If the perpetrator is one of them, the response to this and other major almost never about the victims of sexual assault and abuse. (Yes, even if the player decided she wanted to have sex with Tyler, or if the young male wrestlers decided they wanted to have sex with Hastert, it's still an enormous abuse of position and power.) It's about the tearful contrition and confession of these men of power, often with their wives standing right next to them, keeping up appearances to show that they, too, were good parents and family women. Tyler Summit's case, was, unfairly, mostly made to be about his mother and how disappointed she must be.
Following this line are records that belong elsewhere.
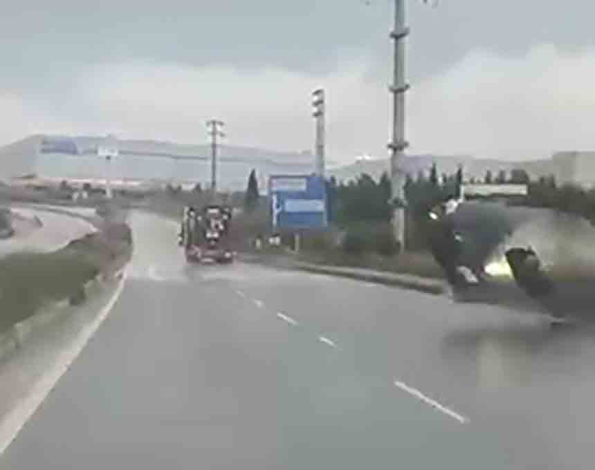 Olay, aynı istikamette seyreden başka bir aracın içerisindeki cep telefonu kamerasına saniye saniye yansıdı. Kazada can kaybı veya yaralanma bilgisi paylaşılmazken, polis ve trafik ekiplerinin olayla ilgili incelemesi sürüyor.
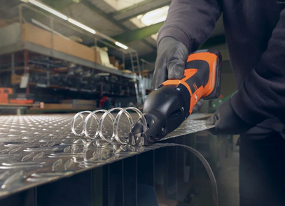 - 180 m Schneidkapazität (in 0,8 mm Blech) mit einer Akku-Ladung (GBA 5 Ah).
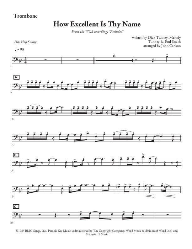 Download the Orchestration for How Excellent Is Thy Name (Instrumental) by John Carlson, from the album Expressions Of Instrumental Worship. This song was arranged by John Carlson in the key of Bb.
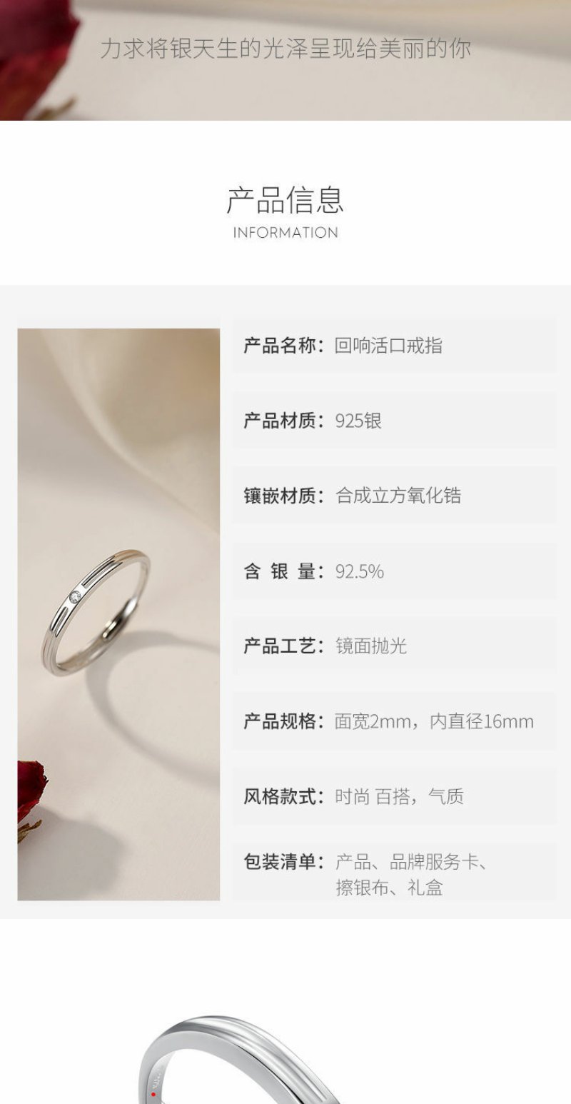 Winy925纯银回响活口戒指送女友闺蜜节日生日礼物
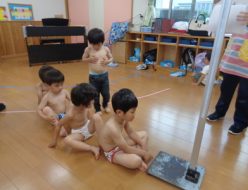 朝から雨がひどく降りましたが☔・・・子ども達は元気に登園し、友達と室内遊びを楽しんでいましたよ😀今日は、身体測定を行いました。服の着脱が少しずつ上手になってきたぱんだ組🐼さんです❢身長計の前に並び、自分の順番が来るのを楽しみにしていましたよ。
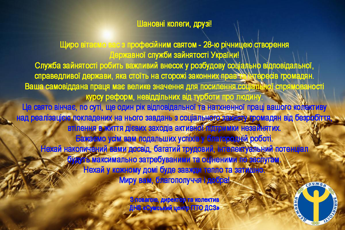 Вітаємо з 28-ю річницею створення Державної служби зайнятості!
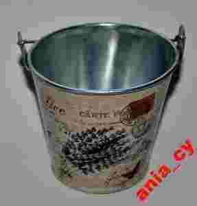 Osłonka na doniczkę - metalowa, wiadereczko wrzos
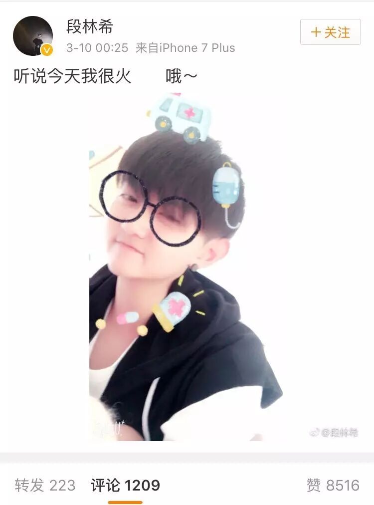 段林希这组风格古怪的造型一出,顿时上了热门。然后她还在个人微博中表现除了一些复杂的小情绪——
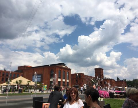 建筑新旧交互,广场非常漂亮,有很多鲜花、喷泉,游乐场,人们坐在餐厅外面,边吃边喝边欣赏街景,很是惬意
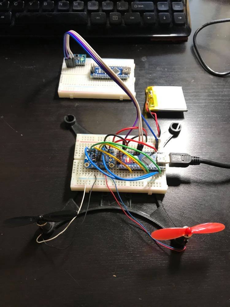 I then integrated the IMU software with the motor control software and added functionality for motors to be driven based on the IMU's orienation (currently only a proportional controller is implemented). The experimental setup and operation can be seen below.
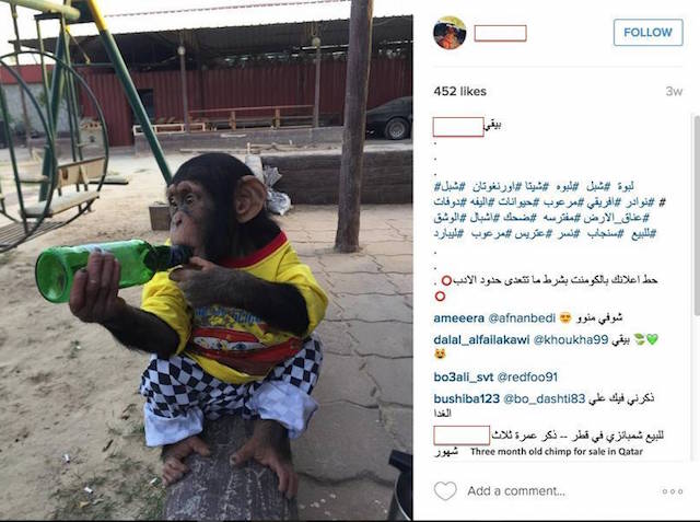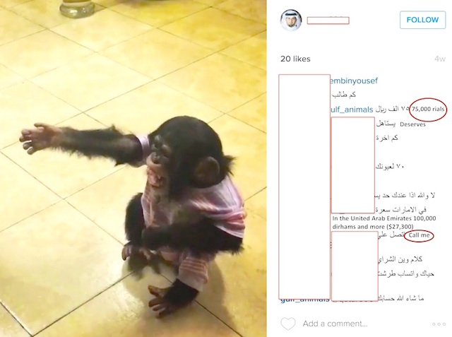 Unashamedly flaunting his illegal wildlife trafficking activities on social media, the man offered the frightened young chimpanzee for 75,000 Qatar rials (about USD 20,600). There were likes and multiple comments on his video, including one from a potential buyer, who asked the dealer to call him. It seems the transaction never went through, as the same chimp was advertised for sale on a well-known Kuwaiti traffickers social media about ten days later.
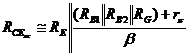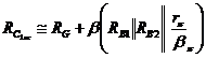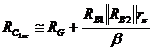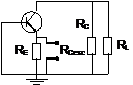 Etajul emitor comun prezentat in figura 1 pune in evidenta existenta a 3 condensatori, C1, C2, CE. Determinarea frecventei inferioare de lucru prin metoda constantelor de timp in scurtcircuit se reduce la calculul rezistentelor echivalente RC1sc , RC2sc si RCEsc care se vad la bornele acestor condensatori. Calculul lui RCEsc se face cu ajutorul schemei din figura: |
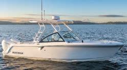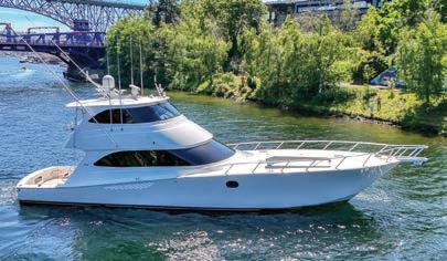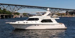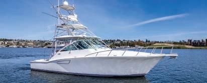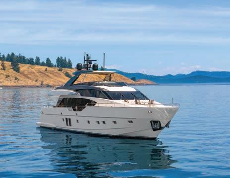 e sensible layout of the boat works well for cruising, entertaining, or simply relaxing. Multiple seating areas allow for separate intimate conversations and there is enough room for substantial gatherings. e expansive ybridge not only has a full outdoor control station but comfortable seating, a table, sunpad, a wetbar with fridge, and an electric BBQ. e back deck is large enough for an 11’ RIB and an Ollson Manufacturing crane davit with power rotation that comes standard. A Bimini top and canvas enclosure are ybridge options.
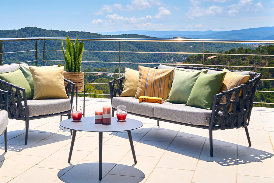 A sequence of stripes over a panama structure to give an electrifying touch to outdoors and indoors. Agora® Thunder is a new alternative to the traditional stripe, with moderate shades that combine easily with other colours and textures.
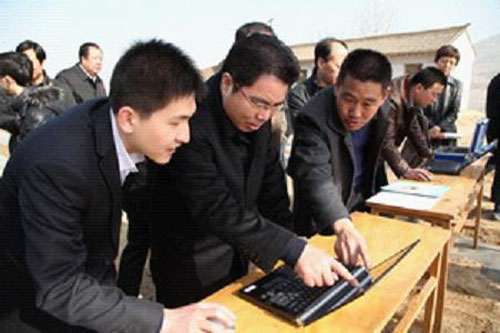 圖為:托普儀器技術(shù)人員為葉貞琴司長(中間)演示電腦查看墑情數(shù)據(jù)
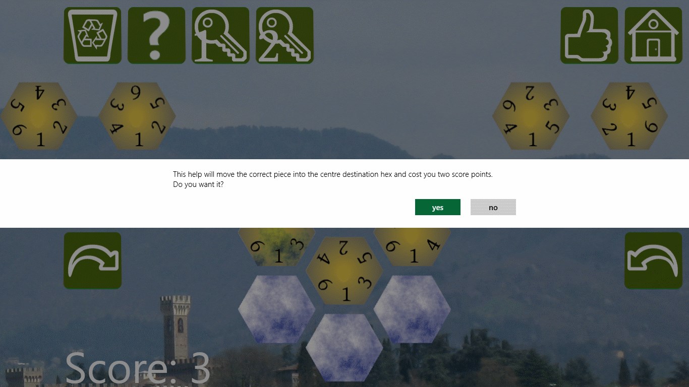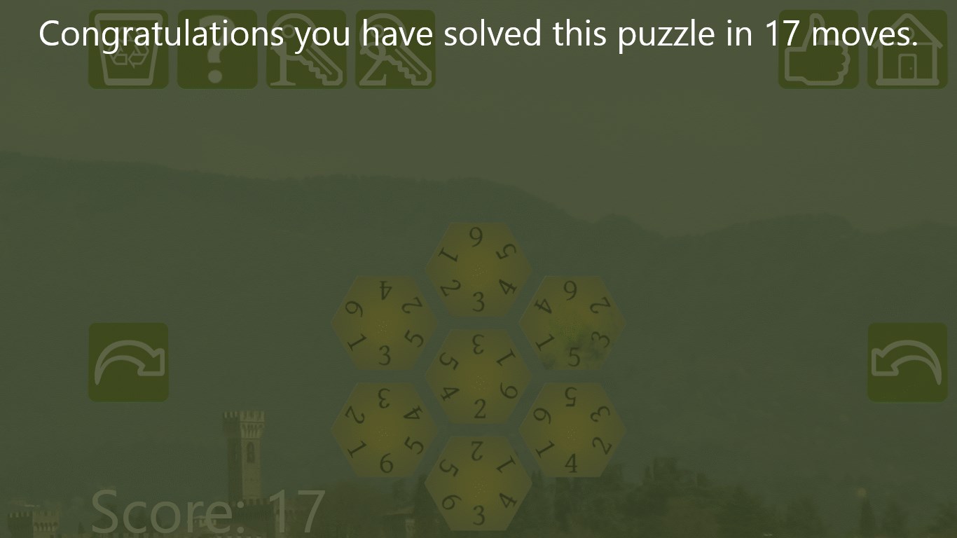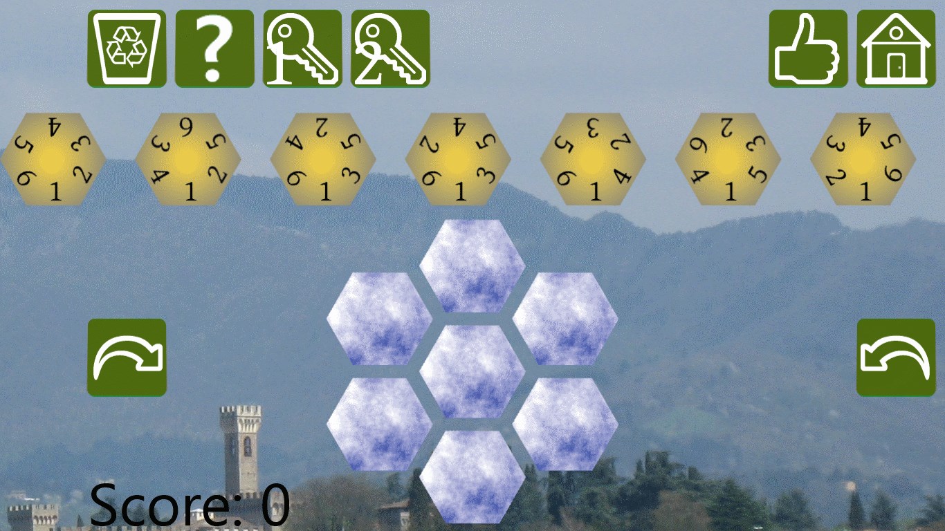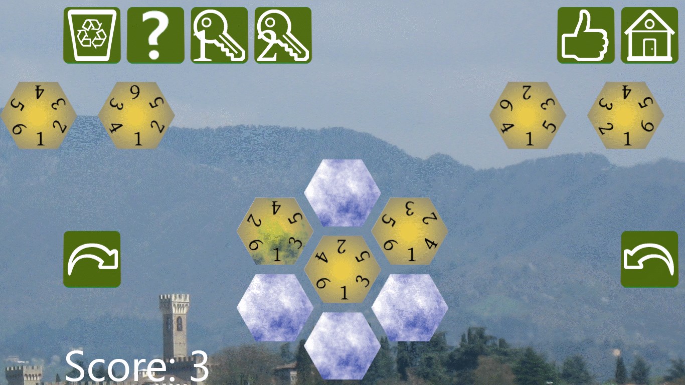 Arrange the seven hexagons on the playing field so that one is in the centre and the others are arranged around it. All touching numbers must be the same.
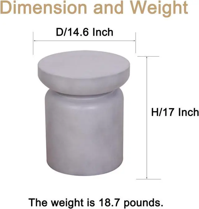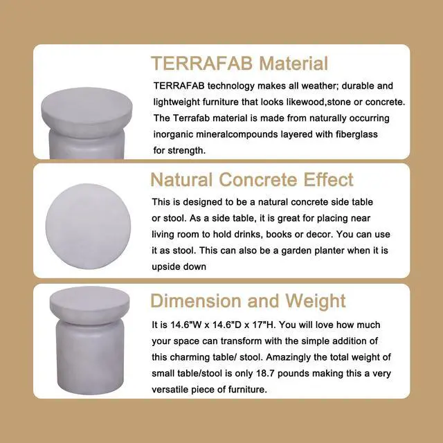 This side Table/ stool is mainly made of TerraFab in natural concrete effect. The case pack quantity is one and its weight is 25.3 lbs. The case pack and retail pack dimensions are 17.91 x 17.91 x 19.88 inches. The product is packaged open stock and is not in a PDQ. The product is intended for indoor/ outdoor use. Great for placing near living room seating to hold drinks, books or decor!
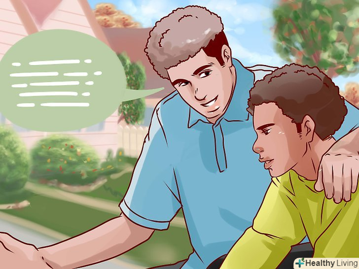 Допоможіть підлітку знайти надійних людей.важливо, щоб дитина довіряла вам. При цьому йому не завадять і інші джерела підтримки. Відрадно, коли можна обговорити ситуацію з різними людьми.[13]- Спробуйте задіяти свого чоловіка. Поясніть, що підлітку потрібна його підтримка.
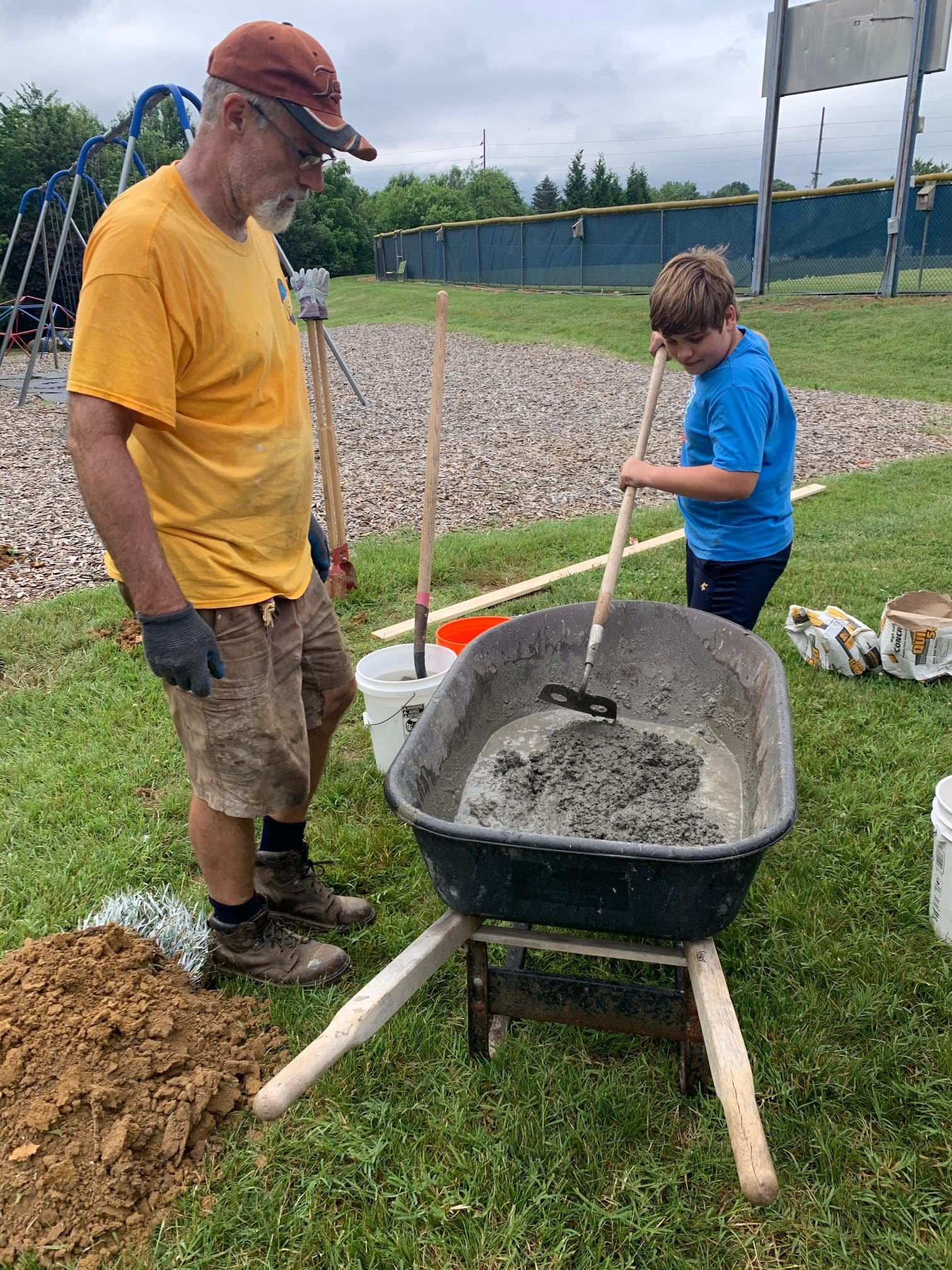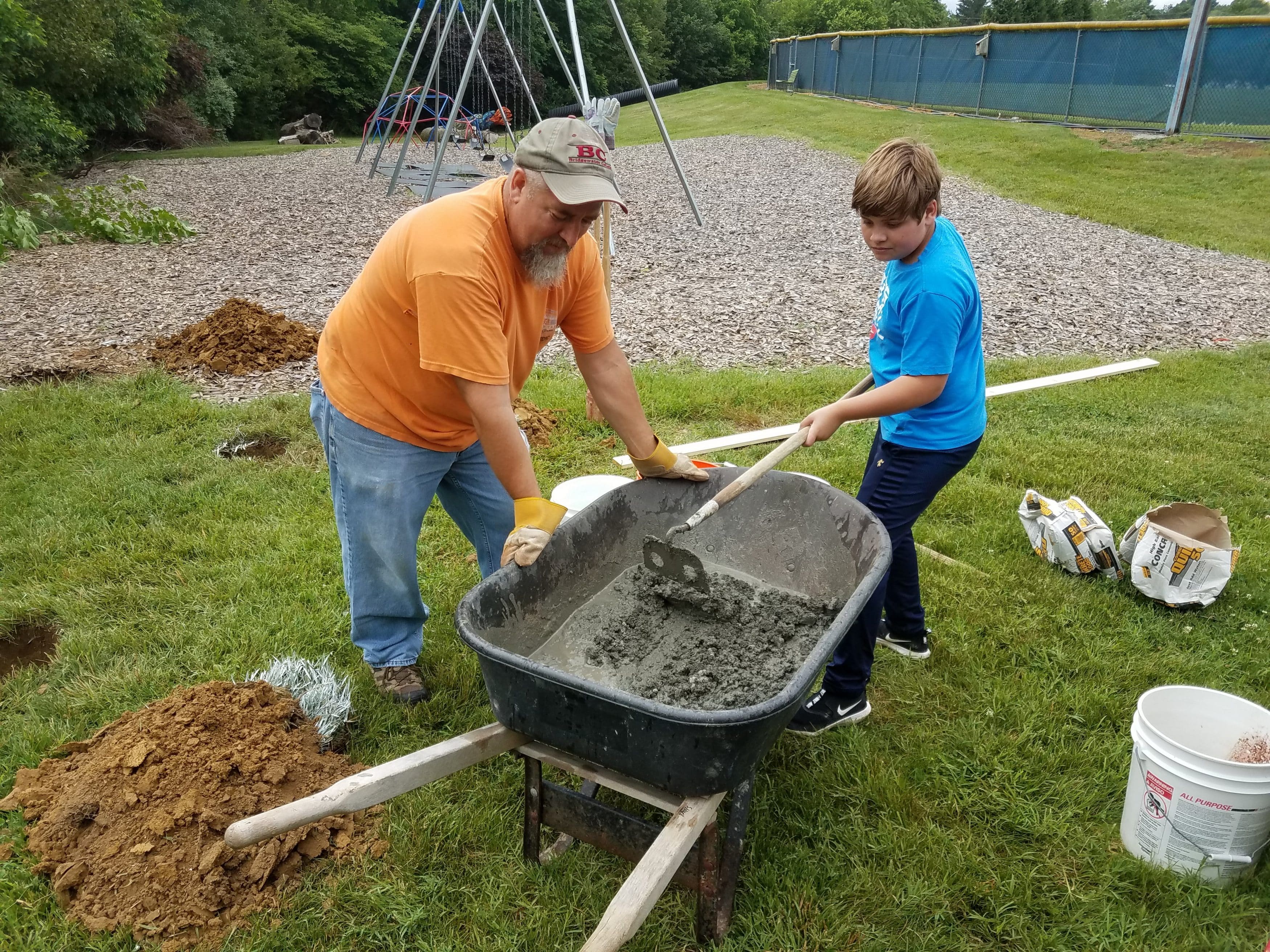Tyler Kauffman, EMS dad and facilities maintenance coordinator, and Dexter Beyer, groundskeeper and transportation coordinator, designed and constructed the project with help from Kendal Bauman, EMS dad and EMES PE teacher, pictured above. Volunteers contributed 108 hours of time on the project. See a time lapse video of the construction.
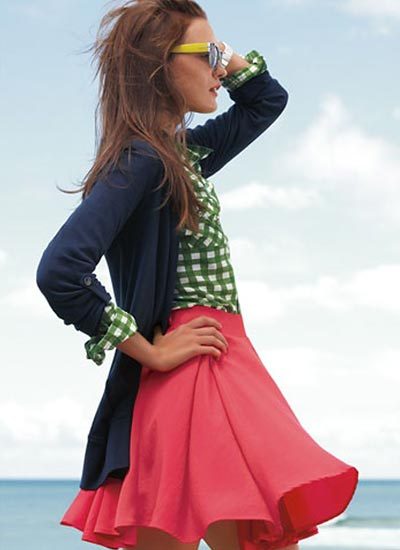 像這樣藍色的格子衫也很有春天的感覺喔!
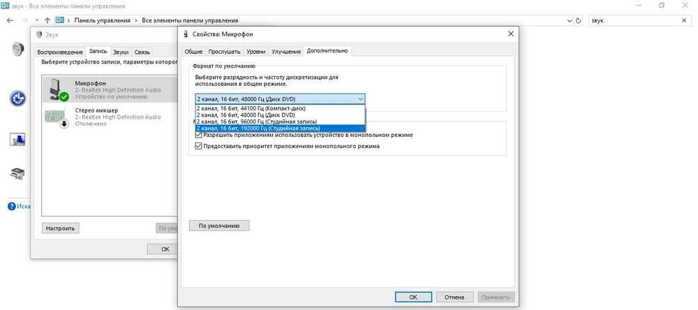 Возможно, микрофон отказывается записывать звук, так как уже используется какой-либо программой. По умолчанию монополия разрешена, а отключить её можно в свойствах микрофона, описанных в пункте «Стандартными средствами Windows».
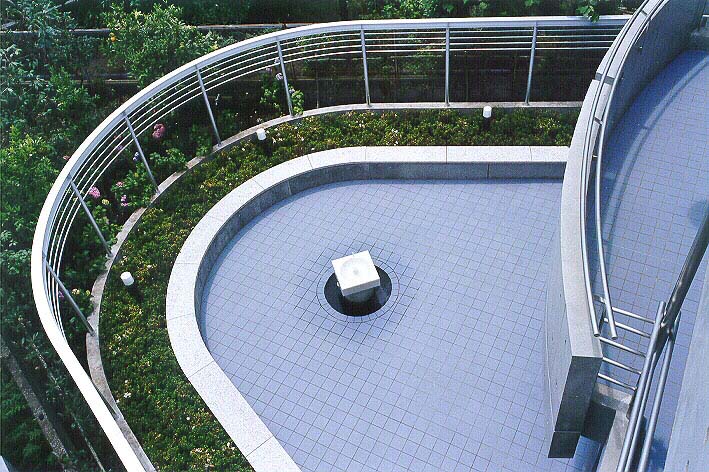 ベンチと花壇とアルミ・スクリーンで囲まれたパティオを屋上から見る。
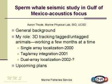 Title: Sperm whale seismic study in Gulf of Mexico-acoustics focus
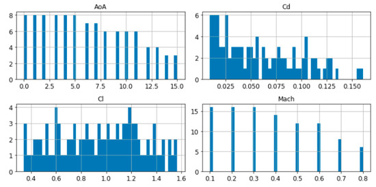 As can be deduced from the pictures above, all the three database were generated with a Latin Hypercube Sampling (LHS) method in parameters AoA and Mach, this is why the histograms show the same bars altitude except for those cases where the CFD solver did not converge (those with highest angles of attack which did not achieve the minimum residual convergence criteria) and were eliminated from the database.
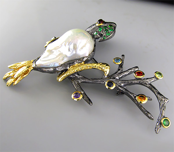 Брошь из черненого стерлингового серебра 925 пробы с жемчужиной, мозамбикским и цаворитами гранатами, аметистом, топазом, перидотом и сапфирами. Вес — 32,6 гр. Размер кулона — 71×63 мм. Выборочное золочение.

And don't get me started on Penn State, or various Senate and House page scandals.

But, if you're actually out of the closet, whatever closet that might be, and the focus is not on appearance, but on the actual form of things, of how they work and function, people will assume you're deviant, a child molester. And they'll do this no matter how successful you are, or how much it's clear that a whole team of young men isn't creeped out by being around you.

So enough already of Hastert's friends saying he didn't really do anything wrong, or maybe we don't know, or it wasn't that bad. I'm one of the ones who bears the brunt of his and others' indiscretions in my work every day. As do all of us who are put to higher standards of behavior for being open about who we are. And I'm tired of it.

The closet, LGBT rights pioneers have said for years, will not protect you. So let's not let it protect Hastert, or his political cronies, either. Let's call the man what he is, and call his supporters what they are: supporters of childhood sexual abuse.

Charley Sullivan is currently the coach of Varsity Girls' Crew at Deerfield Academy in Deerfield MA. Previous to that he was the Associate Head Coach of Men's Rowing at the University of Michigan. He was the 2013 USRowing Collegiate Coach of the Year and the Assistant Coach of the USA Men's Rowing Team at the World University Games that won a gold medal in the Men's Eight in Korea in 2015.